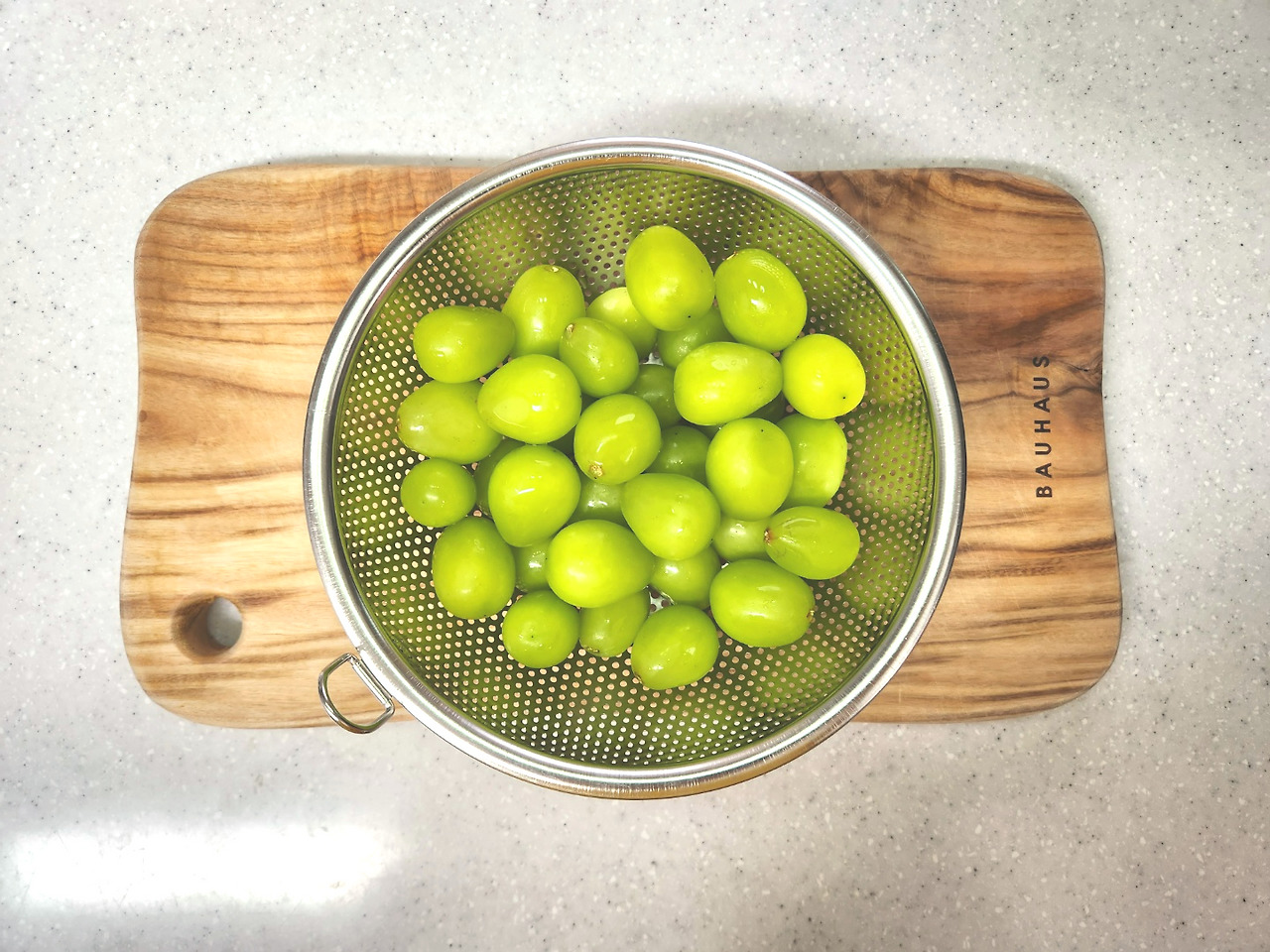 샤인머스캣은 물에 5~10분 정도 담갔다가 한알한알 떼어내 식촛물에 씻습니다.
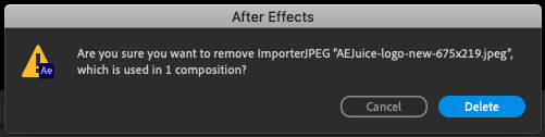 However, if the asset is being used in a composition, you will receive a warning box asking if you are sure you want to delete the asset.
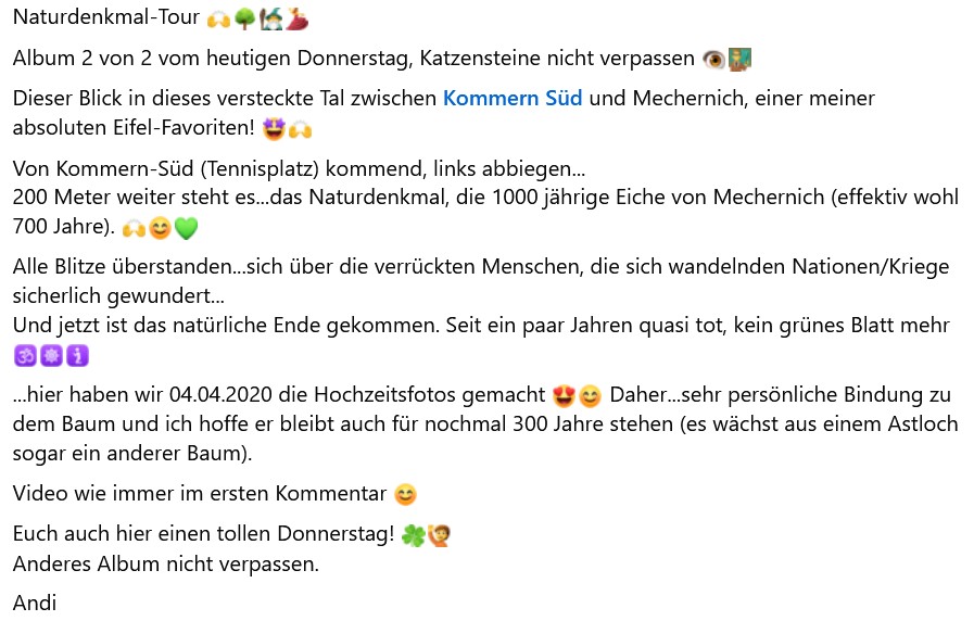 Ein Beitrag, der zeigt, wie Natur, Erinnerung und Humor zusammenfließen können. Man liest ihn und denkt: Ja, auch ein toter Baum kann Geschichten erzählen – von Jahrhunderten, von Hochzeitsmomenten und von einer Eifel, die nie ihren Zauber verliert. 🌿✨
···
**ABOUT THIS TASK**
A verbatim copy of the data, pictures removed, is the expected result.

**ANSWER FOR THIS EXERCISE**
 샤인머스캣은 물에 5~10분 정도 담갔다가 한알한알 떼어내 식촛물에 씻습니다.
 However, if the asset is being used in a composition, you will receive a warning box asking if you are sure you want to delete the asset.
 Ein Beitrag, der zeigt, wie Natur, Erinnerung und Humor zusammenfließen können. Man liest ihn und denkt: Ja, auch ein toter Baum kann Geschichten erzählen – von Jahrhunderten, von Hochzeitsmomenten und von einer Eifel, die nie ihren Zauber verliert. 🌿✨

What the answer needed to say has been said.